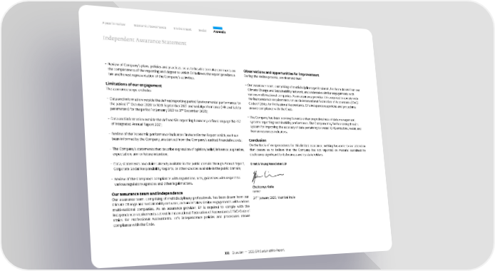 A year in review Economic / Governance Environment Social Appendix Independent Assurance Statement – Review of Company’s plans, policies and practices, so as to be able to make comments on Observations and opportunities for improvement the completeness of the reporting and degree to which EY believes the report provides a During the review process, we observed that: fair and honest representation of the Company’s activities. – Our assurance team, comprising of multidisciplinary professionals, has been drawn from our Limitations of our engagement Climate Change and Sustainability network, and undertakes similar engagements with The assurance scope excludes: various multi-national companies. As an assurance provider, EY is required to comply with the independence requirements set out in International Federation of Accountants (IFAC) – Data and information outside the defined reporting period (environmental performance for Code of Ethics for Professional Accountants. EY’s independence policies and procedures the period 1st October 2020 to 30th September 2021 and social performance (HR and Safety ensure compliance with the Code. parameters) for the period 1st January 2021 to 31st December 2021); – The Company has been working towards enhancing robustness of data management – Data and information outside the defined GRI reporting boundary defined on page 150-157 systems reporting sustainability performance. The Company may further strengthen its of Integrated Annual Report 2021; system for improving the accuracy of data pertaining to overall GHG emissions, water, and human resources indicators. – Review of the ‘economic performance indicators’ included in the Report which, we have been informed by the Company, are derived from the Company’s audited financial records; Conclusion On the basis of our procedures for this limited assurance, nothing has come to our attention – The Company’s statements that describe expression of opinion, belief, inference, aspiration, that causes us to believe that the Company has not reported on material sustainability expectation, aim or future intention; disclosures significant to its business and its stakeholders. – Data, statements and claims already available in the public domain through Annual Report, Ernst & Young Associates LLP Corporate Social Responsibility Reports, or other sources available in the public domain; – Review of the Company’s compliance with regulations, acts, guidelines with respect to various regulatory agencies and other legal matters. Chaitanya Kalia Our assurance team and independence Partner Our assurance team, comprising of multidisciplinary professionals, has been drawn from our 24th January 2022, Mumbai India Climate Change and Sustainability network, and undertakes similar engagements with various multi-national companies. As an assurance provider, EY is required to comply with the independence requirements set out in International Federation of Accountants (IFAC) Code of Ethics for Professional Accountants. EY’s independence policies and procedures ensure compliance with the Code. 131 Givaudan — 2021 GRI Sustainability Report
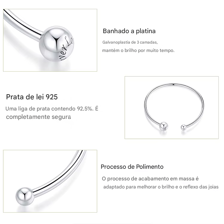 O design simples e inteligente desta pulseira pode ser combinado com pingentes ou berloques diferentes para criar a joia que conta sua história.
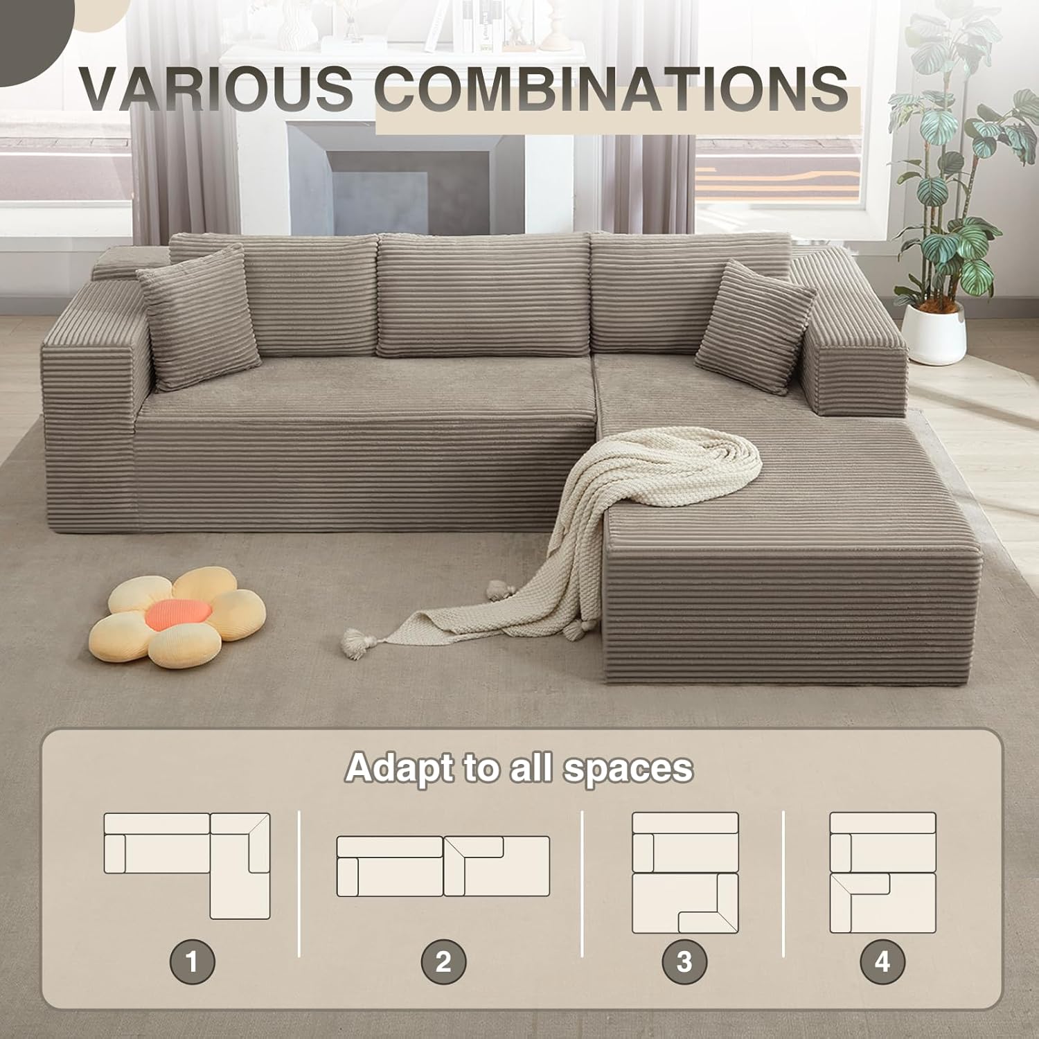 Luxury Modular L-Shape Foam Corduroy Sofa MOQ100 Sofa Compressed Foam Design Custom Colors Sizes Summary: Elegant L-shape corduroy modular foam sofa offering premium comfort, custom options, and low MOQ for commercial purchasing.

Exercise prompt: The expected output is the lines from the line that contains "O design simples" through the last line of the material, reproduced exactly, with both ends present and pictures absent.

Expected answer:
 O design simples e inteligente desta pulseira pode ser combinado com pingentes ou berloques diferentes para criar a joia que conta sua história.
 Luxury Modular L-Shape Foam Corduroy Sofa MOQ100 Sofa Compressed Foam Design Custom Colors Sizes Summary: Elegant L-shape corduroy modular foam sofa offering premium comfort, custom options, and low MOQ for commercial purchasing.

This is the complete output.